NEW YORK (TheStreet) - Since reaching a low of $19.32 in June, shares of Chesapeake Energy (CHK) have been on fire, soaring over 30% and outpacing rivals including Anadarko (APC) and Apache (APA), two energy giants that have been perceived as better-managed natural gas producers.
While Chesapeake seems like a different company today, helped (in part) by the arrival of a new CEO, Chesapeake is still working to shed its former image of a "high-risk gambler." But as cavalier as the company might have been perceived to be with past capital spending, Chesapeake has won way more than it has lost. Like it or not, this is a fact the Street needs to accept.
It's true that the company is no longer wielding its large checkbook trying to outbid rivals for natural gas. But the company is still capable of producing decent returns, given that management's capital allocation and divestment goals are ahead of schedule. So, despite Chesapeake's strong gains over the past four months, I still believe these shares present strong long-term value on the basis of improved profitability.
The natural gas industry is still marred by weak prices and limited reserves, so not much was expected from Chesapeake in the third quarter. Although revenue growth is one of the key performance indicators for most sectors, that's not the case for energy and gas. Important to consider before discussing Chesapeake's impressive revenue number, which jumped 64% year over year.

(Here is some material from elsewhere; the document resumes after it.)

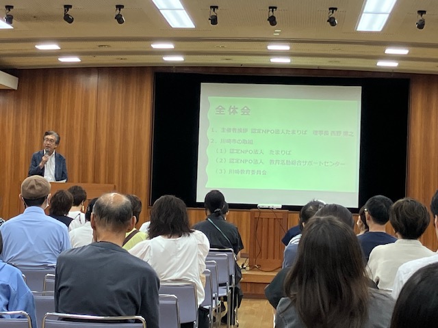この日は、最初に全体会が行われ、フリースペースたまりばや教育活動総合サポートセンターの紹介がありました。
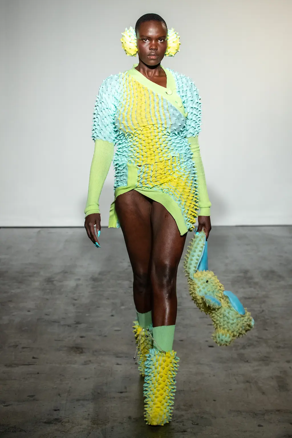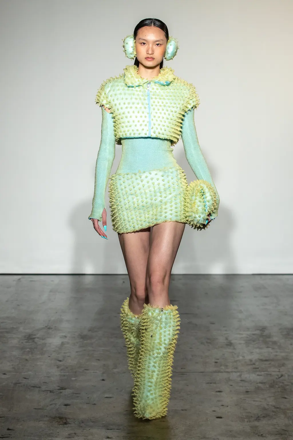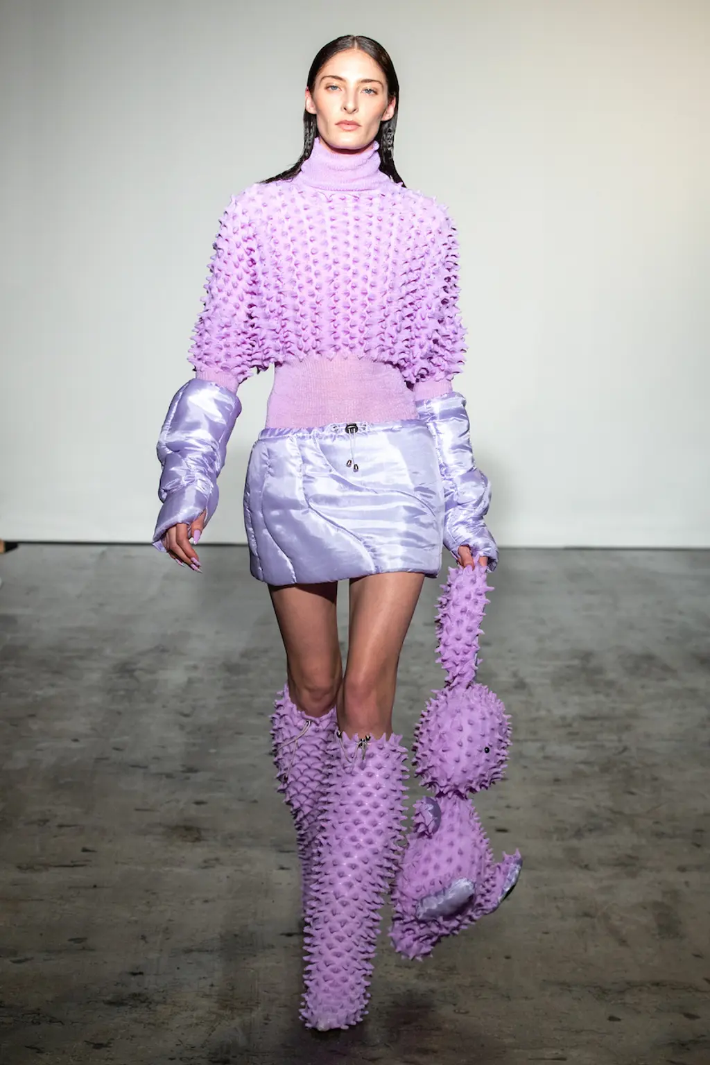 For Chet Lo, already well-known for his tactile fishing wire knits, the mood was “very après-ski, very yeti! It’s giving a cold brrr because I really wanted to be in a jacuzzi, mountain-side, drinking a bottle of champagne.” That cold brr came through in spiked earmuffs and snow boots (both accessories that, despite their chilly weather implications, have become rather hot of late), as well as pastel faux fur fits for the kitschest of snow bunnies.

I don't want to downplay the significant of the revenue results, which beat Street estimates by a convincing margin. What matters more in this sector is production growth. This is where I believe the new management team is beginning to make a difference. Chesapeake opponents will look at the company's report and raise an eyebrow, especially given Anadarko's 12% production output. Still, it takes more than just a casual glance to appreciate Chesapeake's results.